Control of Pyrimidine Biosynthesis in Synchronously Dividing Cells of Helianthus tuberosus

Abstract

Factors with potential for regulating pyrimidine biosynthesis in plant tissue have been explored in quiescent cells of Helianthus tuberosus induced to divide by auxin addition. Investigations confined to the first highly synchronous cell cycle of the tuber explants revealed that the relative activity of asparate carbamoyltransferase (ACTase) to ornithinecarbamoyltransferase (OCTase) (enzymes competing for carbamoyl phosphate for the pyrimidine and arginine pathways, respectively) changes from 0.5 in quiescent cells to 3.0 by the end of the first cell cycle. This was interpreted as a change in the state of cell function from accumulation of storage arginine to cell division with a concomitant demand for pyrimidine nucleotides for nucleic acid synthesis. The rise in ACTase activity began at the same time as the initiation of DNA synthesis and was dependent on continued DNA synthesis. OCTase activity declined whether or not auxin was added to the medium, whereas ACTase activity was observed to decline only in the absence of DNA synthesis.The low cellular concentration of the shared substrate, carbamoyl phosphate (2 micromolar), favored utilization of this substrate by the pyrimidine pathway over the arginine pathway because of the low K(m) (0.08 80 micromolar) for this substrate by ACTase compared to that for OCTase (9.0 millimolar).
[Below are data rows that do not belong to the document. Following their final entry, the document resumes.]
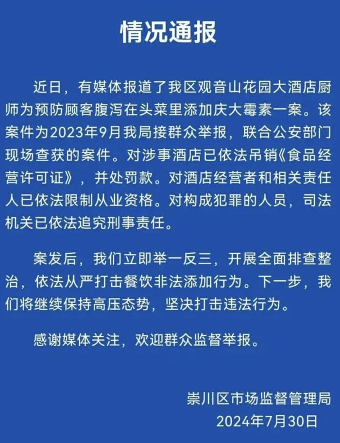 近日,有媒体报道了江苏南通崇川区观音山花园大酒店厨师为预防顾客腹泻在头菜里添加庆大霉素一案。30日,崇川区市场监督管理局发布情况通报,该案件为2023年9月崇川区市场监督管理局接群众举报,联合公安部门现场查获的案件。对涉事酒店已依法吊销《食品经营许可证》,并处罚款。对酒店经营者和相关责任人已依法限制从业资格。对构成犯罪的人员,司法机关已依法追究刑事责任。
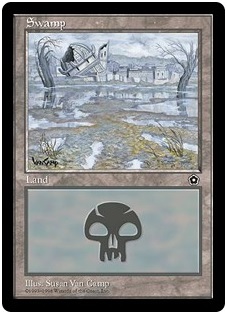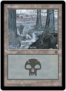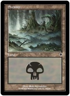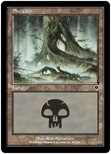 I am probably biased. I have a copy of this signed by Arnie Swekel after I beat him in a pre-release tournament at the time (he signed all of the art from my deck that he created). I may be biased, and I admit that up front. But I don't think so. I could be wrong! But I think this is a strong piece of art that stands on its own. For art during the era of traditional old-school works in the pre-modern art, this is an incredibly realistic piece. It has a strong style and sense of itself that I think is perfectly captures both the feel and look of a Magic Black Swamp as well as a place you could see anywhere.
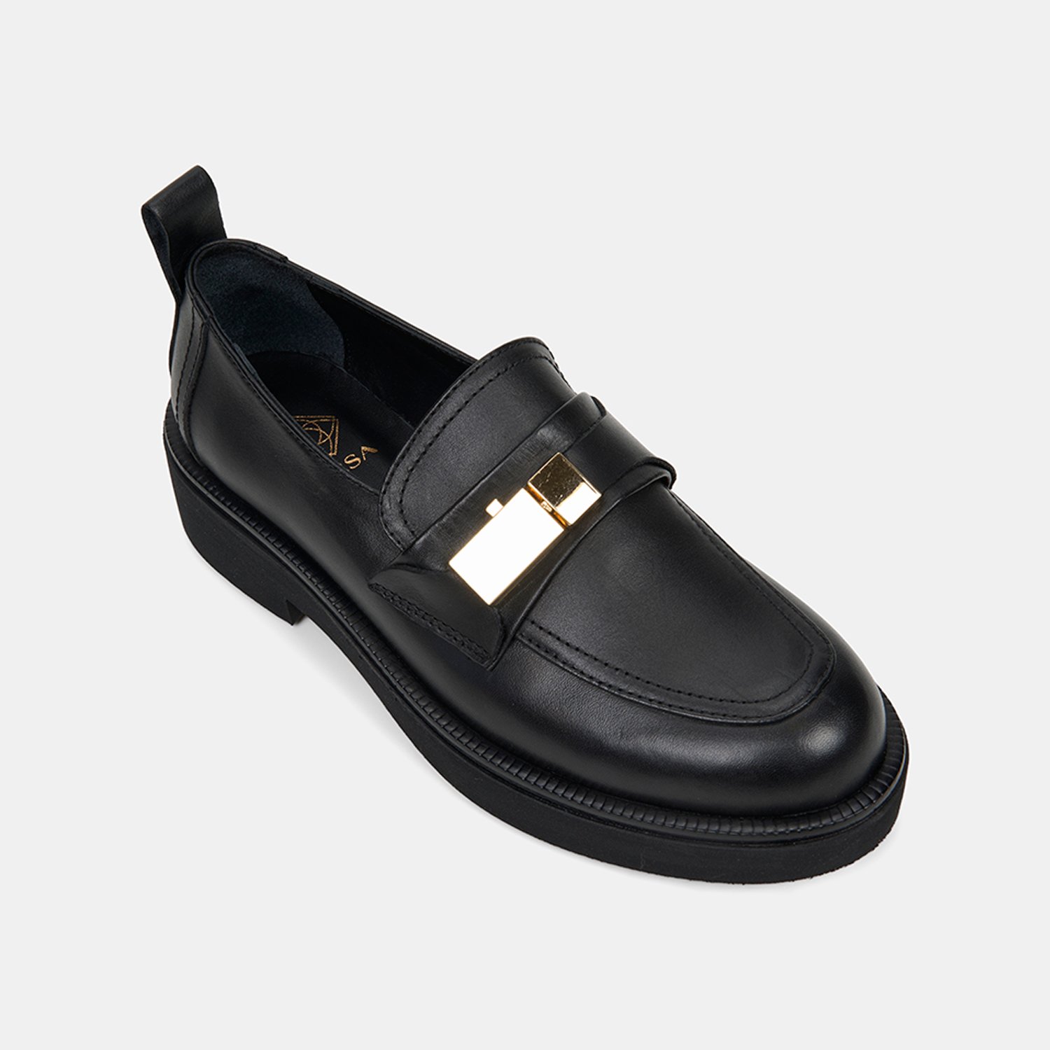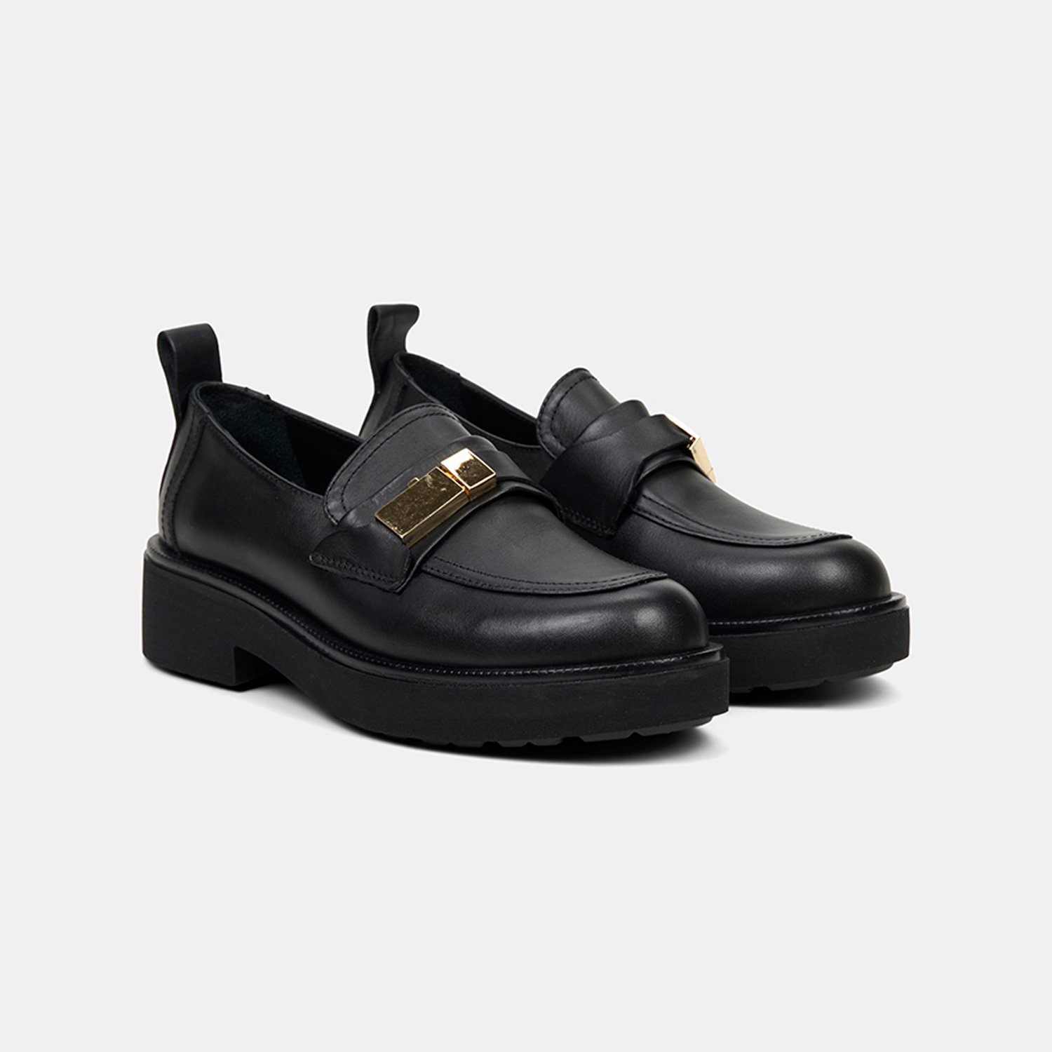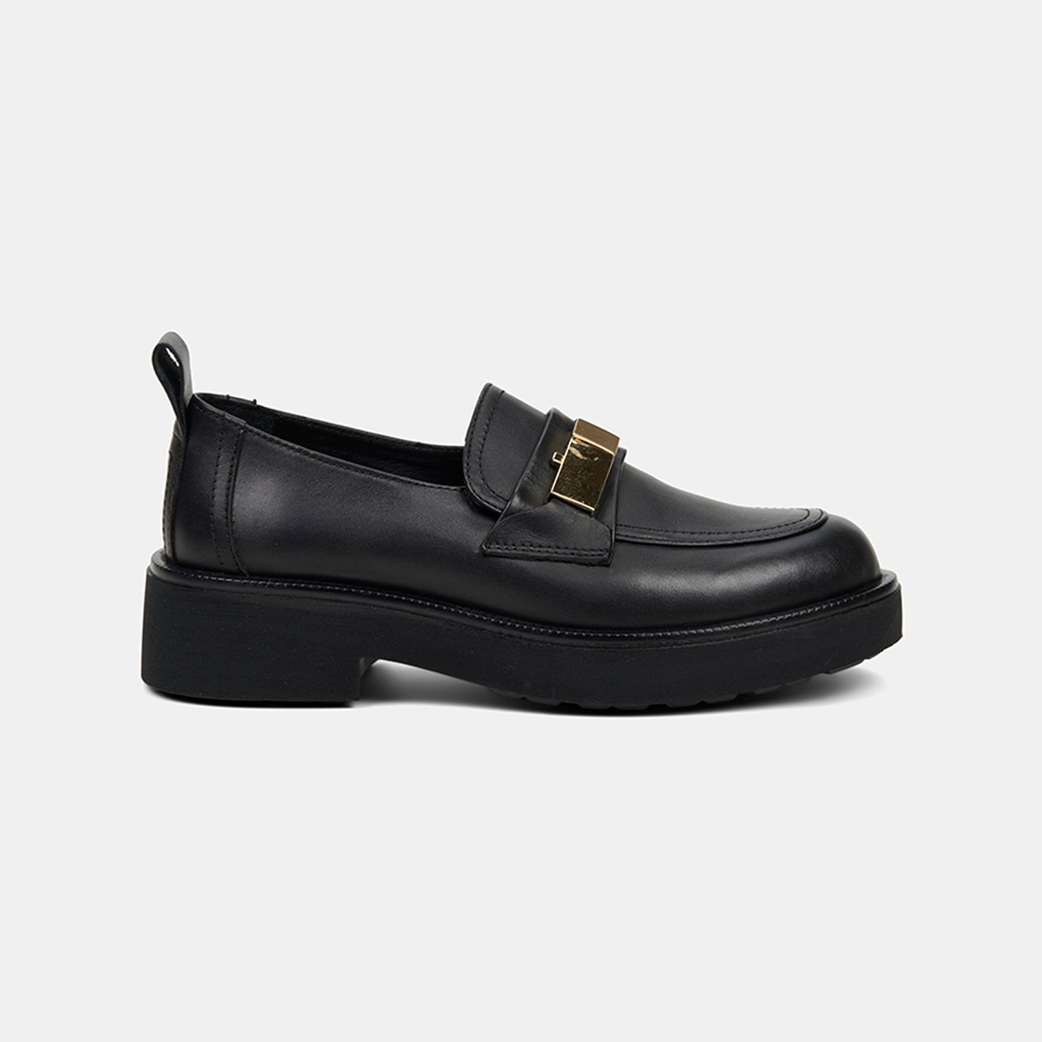 Kadın Siyah Metal Tokalı Kalın Tabanlı Deri Loafer
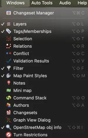 | Layers | Tags/Memberships | Relations | Command Stack | ||||
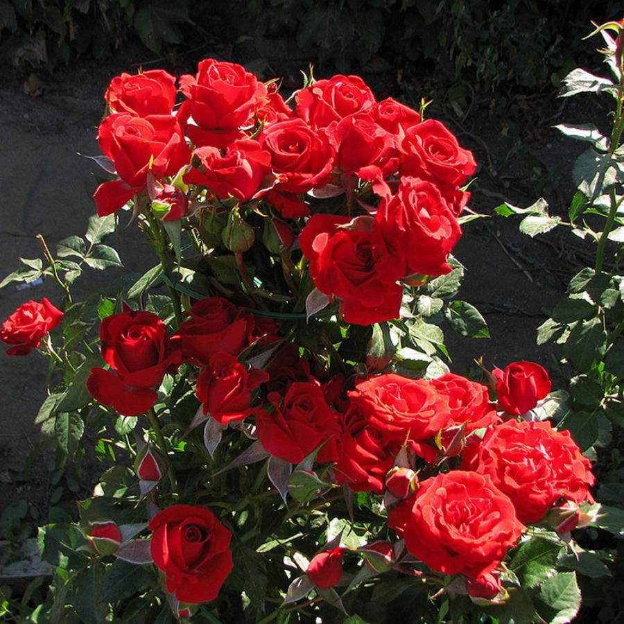Высота 80-90см. Классические красные бутоны в соцветиях на прямостоячем компактном кусте. Кол-во цветков на стебле 3-5. Есть легкий аромат. Устойчивость к мучнистой росе и к черной пятнистости средняя. Повторна цветущая. Морозостойкость до -23°С.
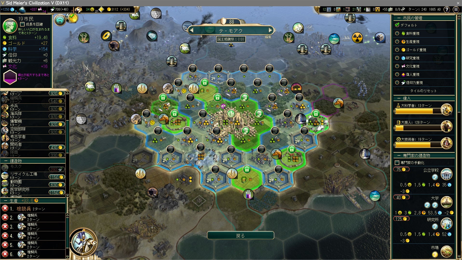 外交勝利にあまりハンマーは必要ないのだが、役に立たないわけではない。もちろん都市でゴールド生産するのではなく、民主主義の兵器廠を使う。
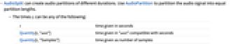 - AudioSplit can create audio partitions of different durations. Use AudioPartition to partition the audio signal into equal partition lengths.
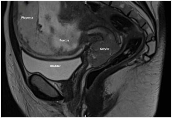 MRI sagittal scan showing the gravid uterus, anteverted and anteflexed, with a single foetus in cephalic presentation with cervical mass seen distally.
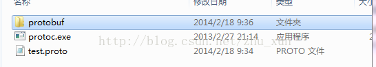 在proto.exe所在的目录下新建一个.proto文件test.proto:
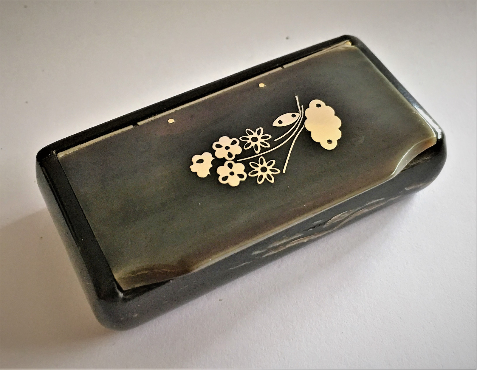 French Early 20th Century Polished Horn Snuff Box with Inlaid Floral Motif
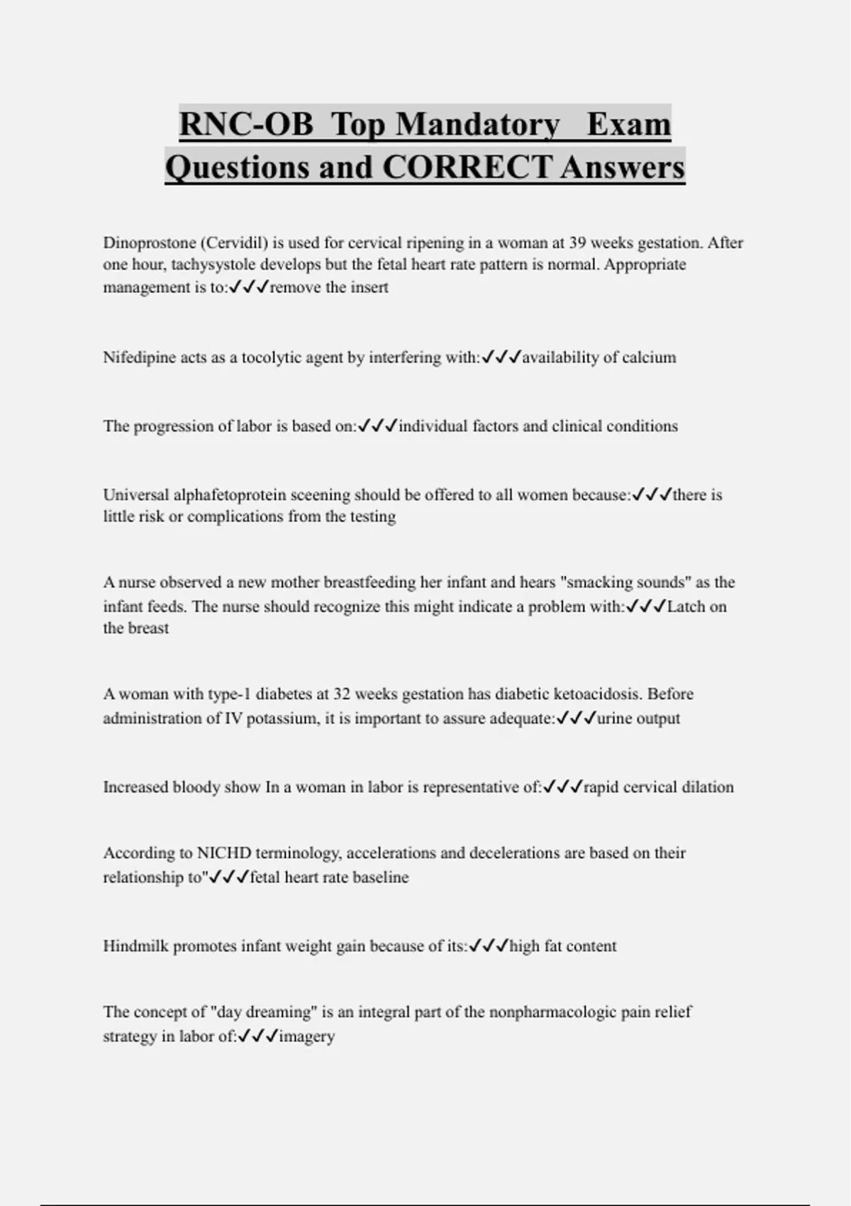 RNC-OB Top Mandatory Exam Questions and CORRECT Answers
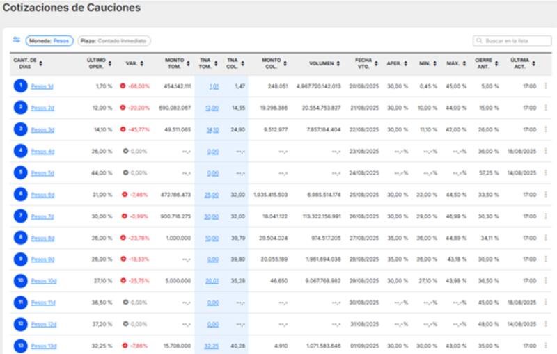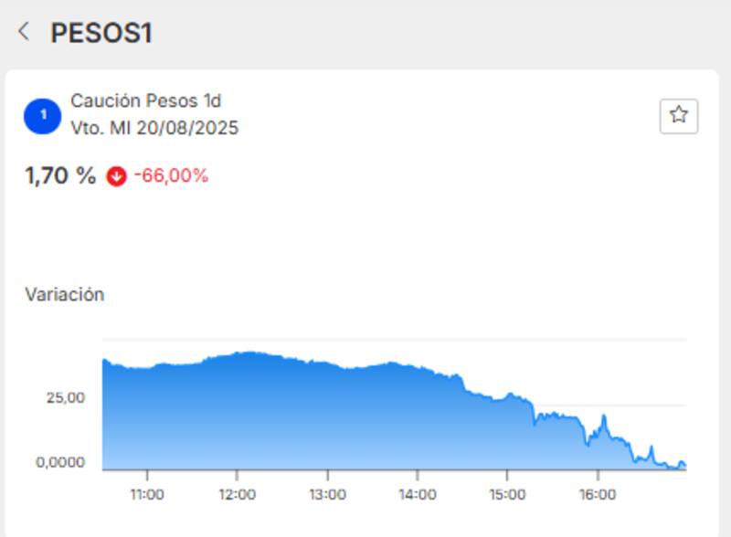 La caución a 1 día cerró el martes en 1,7%, algo similar a lo que había ocurrido el lunes, cuando cerró en 2,1%.
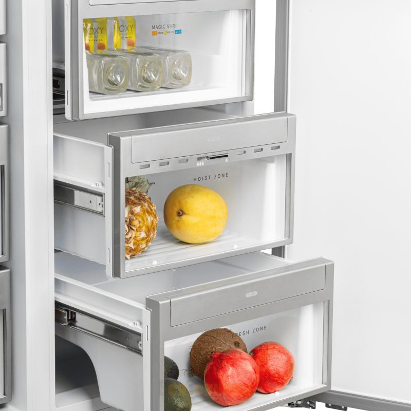 Уникальная особенность RFS 800 — наличие FLEX ZONE. Это ящик с индивидуальной зоной охлаждения, в котором можно настраивать температуру -4 °С, 0 °С или 4 °С. Такое отделение предназначено для длительного хранения самых разных продуктов: от детского питания до красной икры. Это незаменимое решение, если не хочется замораживать продукты, но употребить их вы планируете только через несколько дней. В зависимости от выбранной температуры во FLEX ZONE меняется подсветка: она может быть оранжевой, зеленой или голубой.
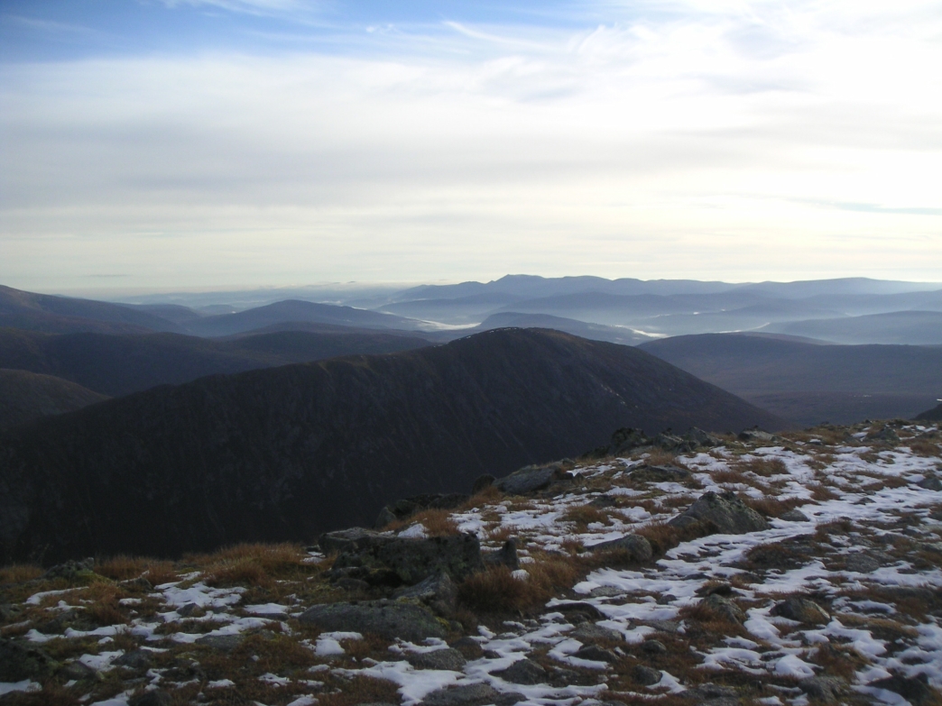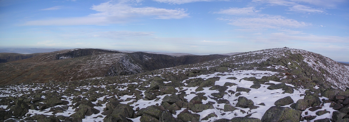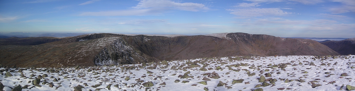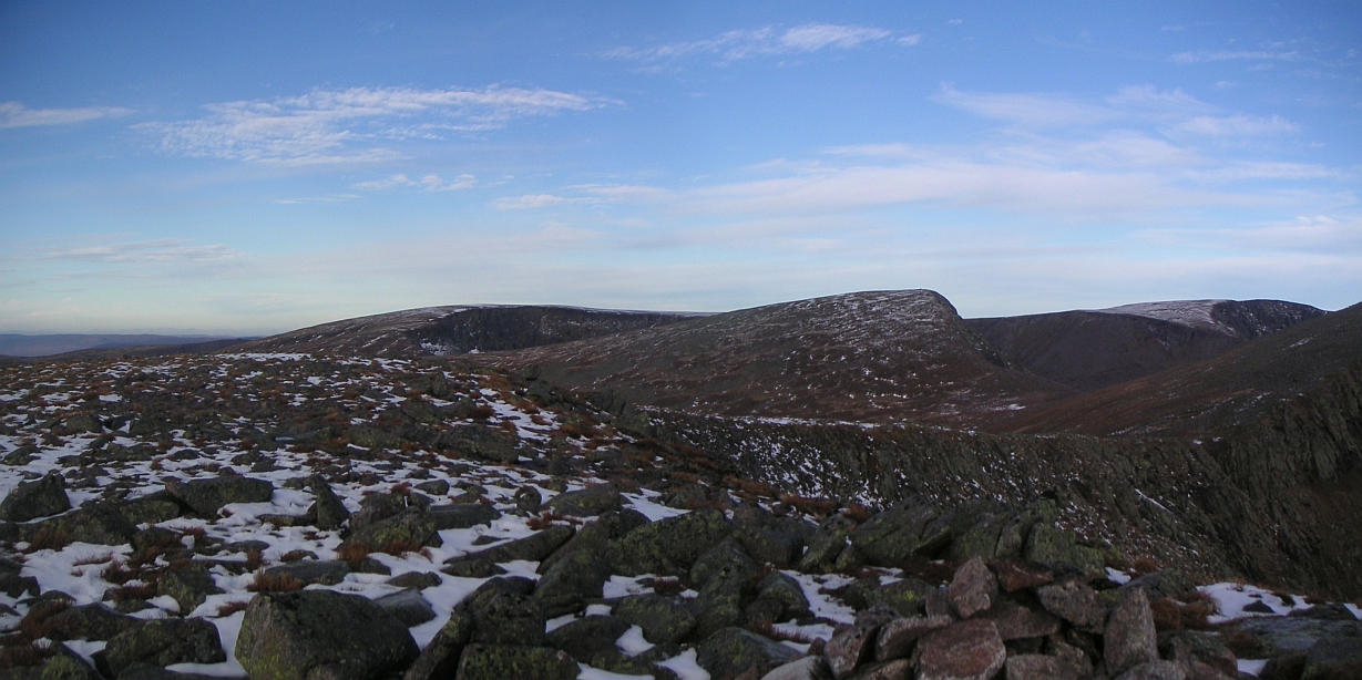 ![]() From Sgor an Lochain Uaine, Braeriach in the middle, Ben Macdui to the right, then Cairn Toul |

Unexpectedly, the total concentration of the feedback inhibitor for the pyrimidine pathway, UMP, was found to have more than doubled in dividing tissue at a time when pyrimidine nucleotide demand had increased. It is concluded that compartmentation decreased UMP in the vicinity of ACTase and/or that the extra UMP stabilizes newly synthesized ACTase in preparation for an even greater demand for nucleic acid synthesis in the second and subsequent cell cycles.